== TO DO ==
All of the data that follows is to be printed exactly, without pictures.

== RAW DATA ==
******************************
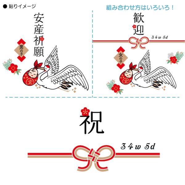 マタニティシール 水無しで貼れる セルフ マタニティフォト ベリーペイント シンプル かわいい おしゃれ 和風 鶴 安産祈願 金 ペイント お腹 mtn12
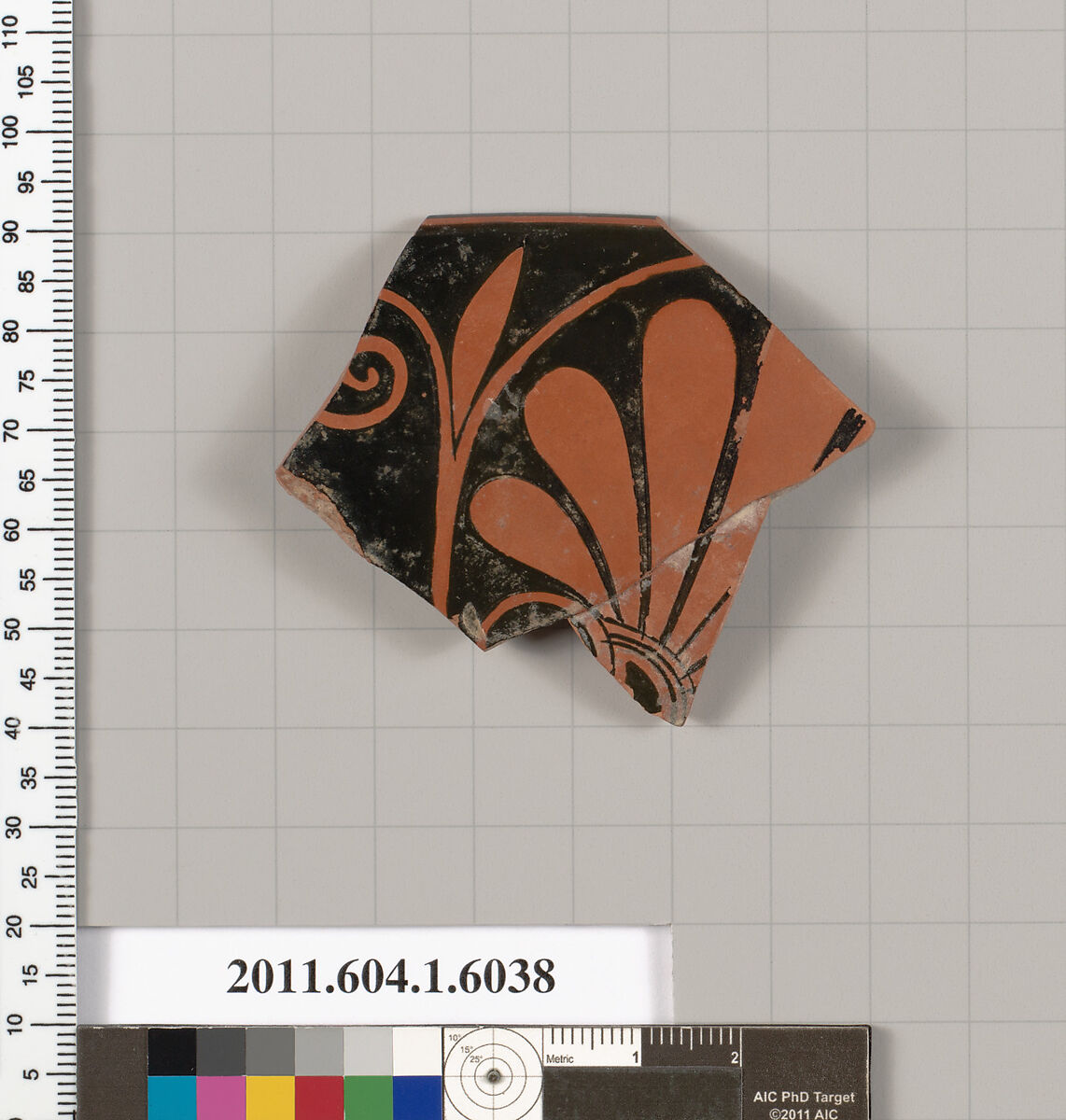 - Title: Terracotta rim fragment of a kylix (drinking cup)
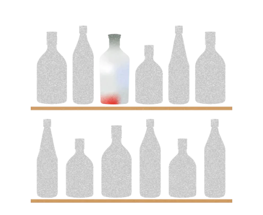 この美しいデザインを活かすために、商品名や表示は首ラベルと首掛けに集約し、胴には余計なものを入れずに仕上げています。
******************************
== TASK SOLUTION ==
 マタニティシール 水無しで貼れる セルフ マタニティフォト ベリーペイント シンプル かわいい おしゃれ 和風 鶴 安産祈願 金 ペイント お腹 mtn12
 - Title: Terracotta rim fragment of a kylix (drinking cup)
 この美しいデザインを活かすために、商品名や表示は首ラベルと首掛けに集約し、胴には余計なものを入れずに仕上げています。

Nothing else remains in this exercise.